In the listing that follows, locate the line containing "Fashion NBA Jersey" and the line containing "Polyresin Orange Black". Retype exactly those two lines and every line between them, and nothing more.

**EXCERPTED RECORDS**
————————
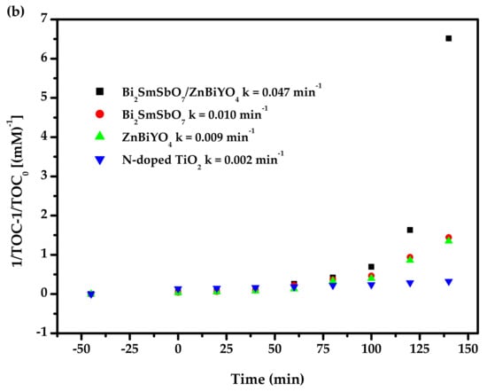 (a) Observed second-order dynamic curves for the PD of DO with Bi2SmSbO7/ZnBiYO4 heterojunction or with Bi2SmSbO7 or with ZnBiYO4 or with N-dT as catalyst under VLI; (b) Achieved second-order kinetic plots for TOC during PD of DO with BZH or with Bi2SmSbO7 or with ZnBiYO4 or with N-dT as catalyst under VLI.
————————
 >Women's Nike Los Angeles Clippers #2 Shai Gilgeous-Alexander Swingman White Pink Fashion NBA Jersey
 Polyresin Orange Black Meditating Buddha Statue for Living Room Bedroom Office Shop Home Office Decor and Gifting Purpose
————————
**TASK SOLUTION**
 >Women's Nike Los Angeles Clippers #2 Shai Gilgeous-Alexander Swingman White Pink Fashion NBA Jersey
 Polyresin Orange Black Meditating Buddha Statue for Living Room Bedroom Office Shop Home Office Decor and Gifting Purpose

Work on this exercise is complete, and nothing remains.